Dziś kulminacja Perseidów. Gdzie najlepiej obserwować je w Lubinie?

4450

Lubinianie, którzy dziś wieczorem wyjdą z domu i spojrzą na północną stronę nieba, będą mogli łatwo zobaczyć jedno z najbardziej spektakularnych zjawisk astronomicznych – rój Perseidów, potocznie nazywanych spadającymi gwiazdami.

Fot. Rakicevic/Pexels

Perseidy to pozostałości odkrytej w XIX w. komety Swifta-Tuttle’a. Same znane są ludzkości od dwóch tysięcy lat. Swoją nazwę wzięły od konstelacji Perseusza, skąd wybiegają we wszystkie strony na niebie.

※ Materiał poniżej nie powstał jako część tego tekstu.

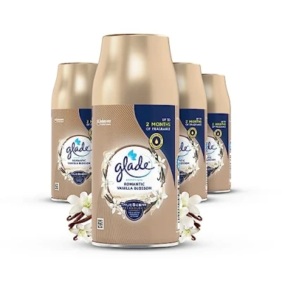 This room spray fragrance is crafted with notes of vanilla blossoms white orchid and sandalwood to inspire the feeling of sweet daydreaming Glade Automatic Spray Refill fits into the new, completely re-designed battery-operated holder to provide up to 60 days of automatic freshness Glade Automatic Air Freshener Refills provide a fresh burst every 9, 18 or 36 minutes New, completely re-designed battery-operated Glade Automatic Spray provides up to 60 days of automatic freshness Romance, We have a fragrance for that
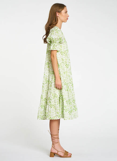 With its modest ruffled neckline, drop-shoulder detail, and 3/4 sleeves gathered at the cuff, the Victoria midi dress is both fanciful and feminine. Cut in a Green Garden floral print fabric, this dress is both fun and feminine with subtle flair.

Na letnim nocnym niebie rozbłyskują wyjątkowo jasno, przez co bez trudu można je zobaczyć gołym okiem. Dziś w nocy ich liczba sięgnie zenitu.

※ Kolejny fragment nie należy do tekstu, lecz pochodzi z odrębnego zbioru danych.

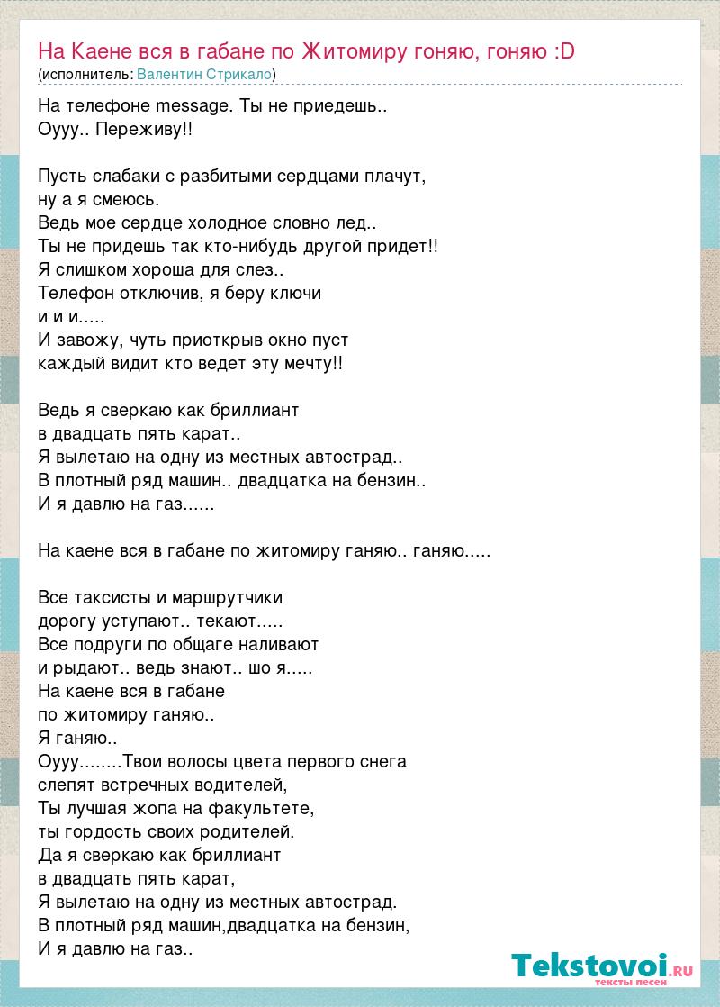 На телефоне message. Ты не приедешь.. Оууу.. Переживу!! Пусть слабаки с разбитыми сердцами плачут, ну а я смеюсь. Ведь мое сердце холодное словно лед.. Ты не придешь так кто-нибудь другой придет!! Я слишком хороша для слез.. Телефон отключив, я беру ключи и и и..... И завожу, чуть приоткрыв окно пуст каждый видит кто ведет эту мечту!! Ведь я сверкаю как бриллиант в двадцать пять карат.. Я вылетаю на одну из местных автострад.. В плотный ряд машин.. двадцатка на бензин.. И я давлю на газ...... На каене вся в габане по житомиру ганяю.. ганяю..... Все таксисты и маршрутчики дорогу уступают.. текают..... Все подруги по общаге наливают и рыдают.. ведь знают.. шо я..... На каене вся в габане по житомиру ганяю.. Я ганяю.. Оууу........Твои волосы цвета первого снега слепят встречных водителей, Ты лучшая жопа на факультете, ты гордость своих родителей. Да я сверкаю как бриллиант в двадцать пять карат, Я вылетаю на одну из местных автострад. В плотный ряд машин,двадцатка на бензин, И я давлю на газ..

– To bardzo drobne obiekty, z których znaczna część ma rozmiar ziarenka piasku. Mimo że mają po kilka milimetrów i ważą raptem kilka gramów, spalając się w gęstych partiach atmosfery dają nam takie właśnie widowisko – wyjaśnia prof. dr hab. Michał Tomczak, dyrektor Instytutu Astronomicznego Uniwersytetu Wrocławskiego.

Perseidy krążą wokół Ziemi, wracając do nas każdego roku, na przełomie lipca i sierpnia. Pozostaną widoczne jeszcze przez prawie dwa tygodnie, ale w nocy z 12 na 13 sierpnia rój meteorów będzie najlepiej obserwowalny, mniej więcej od godz. 23.

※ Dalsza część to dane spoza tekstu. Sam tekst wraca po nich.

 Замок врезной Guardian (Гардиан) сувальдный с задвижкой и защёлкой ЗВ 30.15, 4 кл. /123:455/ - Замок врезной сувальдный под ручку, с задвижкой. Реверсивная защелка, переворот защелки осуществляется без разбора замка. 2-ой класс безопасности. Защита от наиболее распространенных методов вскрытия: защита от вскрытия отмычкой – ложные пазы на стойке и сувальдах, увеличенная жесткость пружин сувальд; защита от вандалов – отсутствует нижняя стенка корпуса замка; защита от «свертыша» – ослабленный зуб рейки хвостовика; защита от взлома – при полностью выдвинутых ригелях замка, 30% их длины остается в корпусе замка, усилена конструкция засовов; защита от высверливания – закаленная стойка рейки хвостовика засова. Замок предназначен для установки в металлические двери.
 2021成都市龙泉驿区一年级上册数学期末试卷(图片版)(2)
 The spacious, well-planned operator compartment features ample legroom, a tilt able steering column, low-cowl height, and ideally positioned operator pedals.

Fot. Michał Mancewicz/Unsplash

– Wystarczy skierować wzrok na północną stronę miasta, wyszukać na niebie gwiazdozbiór Kasjopei – pięć gwiazd w układzie przypominającym literę „M” lub „W” – i tam wypatrywać Perseidów. W tej chwili będzie ich nawet do stu na godzinę. Nie spadają regularnie, więc może być kilku- lub kilkunastominutowa przerwa, ale warto uzbroić się w cierpliwość – instruuje nas naukowiec.

Obserwacjom sprzyja letnia aura i niewielkie zachmurzenie. Nie będzie też przeszkadzał księżyc. Trzeba jednak mieć na uwadze, że widoczność mogą zakłócać światła płynące z okien i ulicznych latarni. W lepszej sytuacji są zatem mieszkańcy obrzeży Lubina. Zainteresowanym astronom poleca wyjście do parku lub – najlepiej – krótką wycieczkę za miasto.

Przesąd mówi, że życzenie pomyślane na widok spadającej gwiazdy na pewno się spełni. Czy astronomowie też w to wierzą?

– Chociaż w pełni rozumiemy to zjawisko, to tak sympatyczne zwyczaje warto kultywować – przyznaje ze śmiechem prof. Tomczak.